1) Due to the population size and variability of laws by state, county, and municipality, it's difficult to get a national perspective on the effect of gun legislation. You'd likely have to isolate a specific geographic area that had a specific change in gun laws to see what if any effects there were.
2) You'd have to specify what you're going to measure, e.g. reports of shots fired, aggravated assault, homicides, etc. What might be best is to look at the ratio of gun related assaults to homicides over a long period of time, usually 5-10 years before and after.
3) Once you have your population and measurement set up, you'll need to account for any other variables like violent crime rate and economic circumstances in that 10-20 year period and also factor in what the implementation process of the law looked like.
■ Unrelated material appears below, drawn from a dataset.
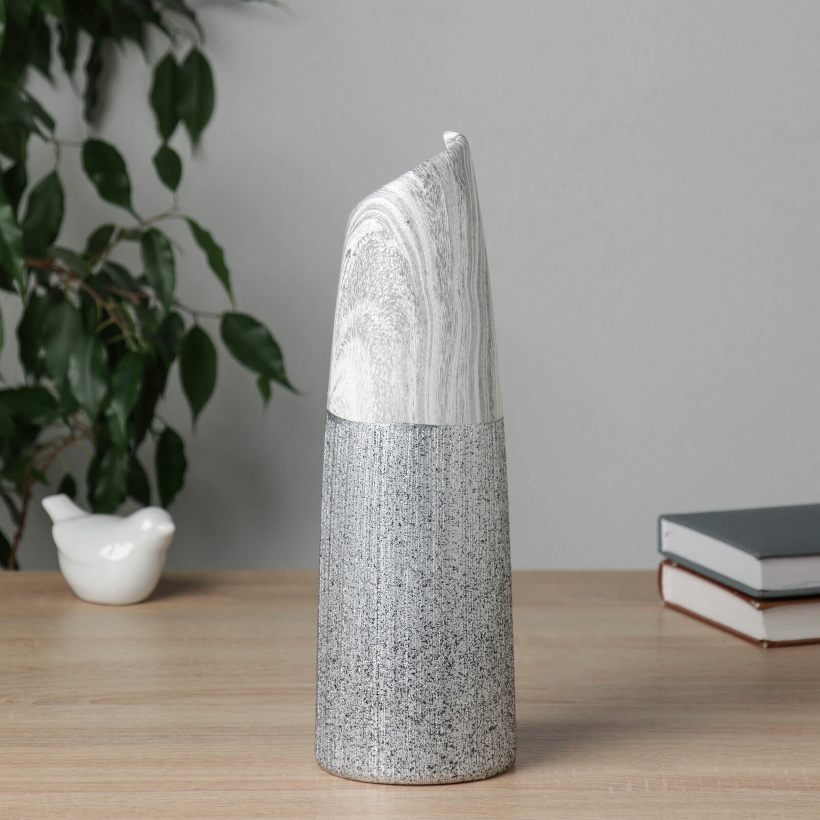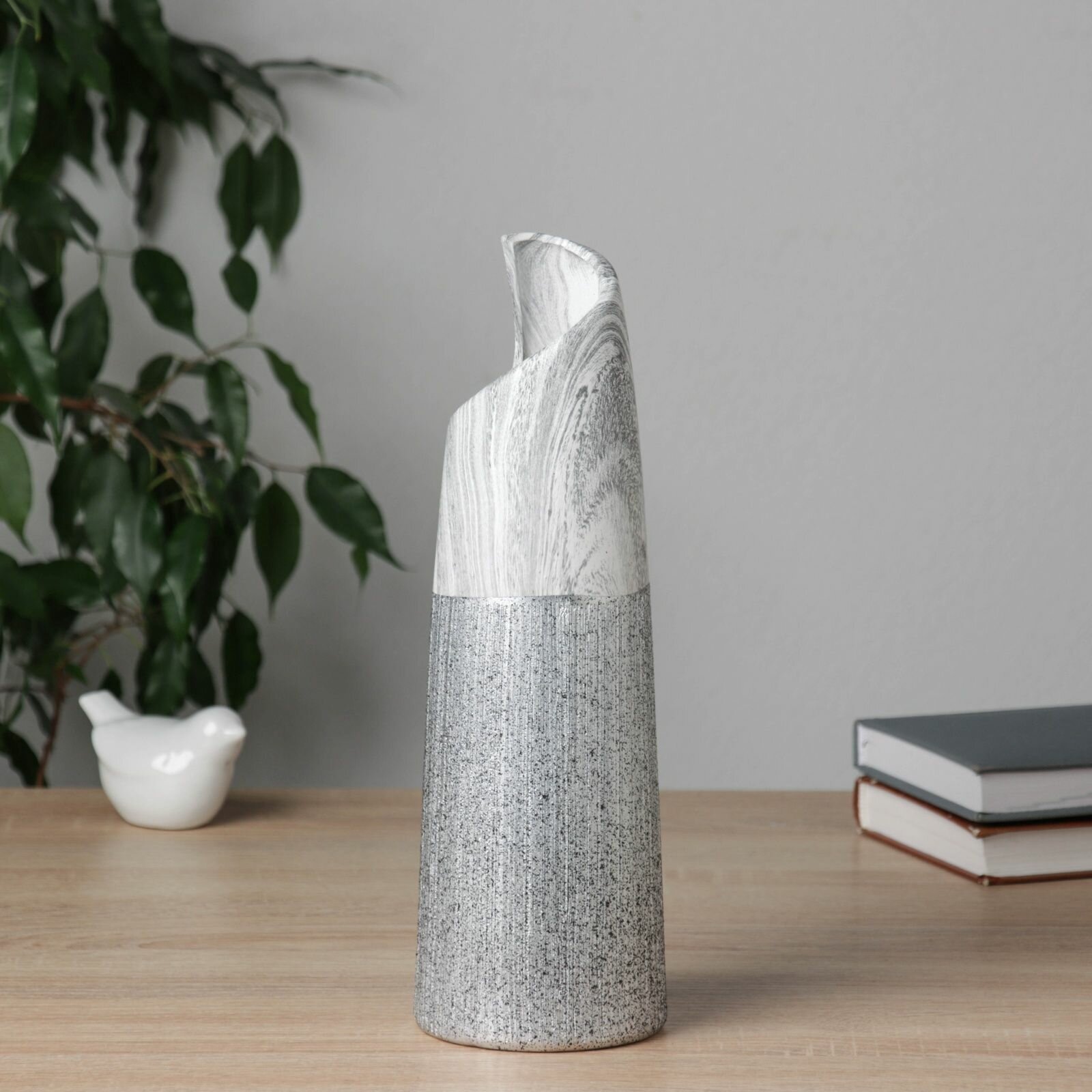 Керамическая ваза для цветов, сухоцветов Бригэм талия, настольная, d-12.5 см, h-29.5 11 см, бело-серый

At present, gun restrictions are tepid at best because of the 2nd amendment, so you also have to factor in the limits of what "restrictive" even means. There's little comparison to the UK or Australia because 2A means there are just many more guns in circulation in the US in general. Also, due to court challenges and changing legislative circumstances, gun laws are dynamic. You'd have to find a specific law that has been relatively unchanged in it's its lifespan and geographic area over your 10-20 year look. Even then, you'd maybe come up with a correlation between the law and the circumstances on the ground, but it would be very difficult to say one caused the other.
There are cruder ways to get at an answer, mostly having to do with uniform crime reporting statistics controlled on a per capita basis, but again, you have to make sure the law stays constant. A lot of gun lobbyists like to invoke Chicago, for example, but both the state of Illinois and the city of Chicago have significantly relaxed gun laws over the past decade. There are also federal court findings that can easily sweep away provisions of gun laws Nationwide.
I come from a city where gun possession sent about a quarter of the population either to prison or the morgue, but luckily my mom got me out of there young. What I found is that stricter gun laws just sent more young low income black men to prison, retrenching them in crime and making them more likely to want or need a gun if and when they got out. Now they have vigils every time there's a shooting and parties everytime the city goes 30 days without a shooting. Some of it's working, but so long as there are scores to settle, blocks to hold down, and product to protect, guns will be part of the culture.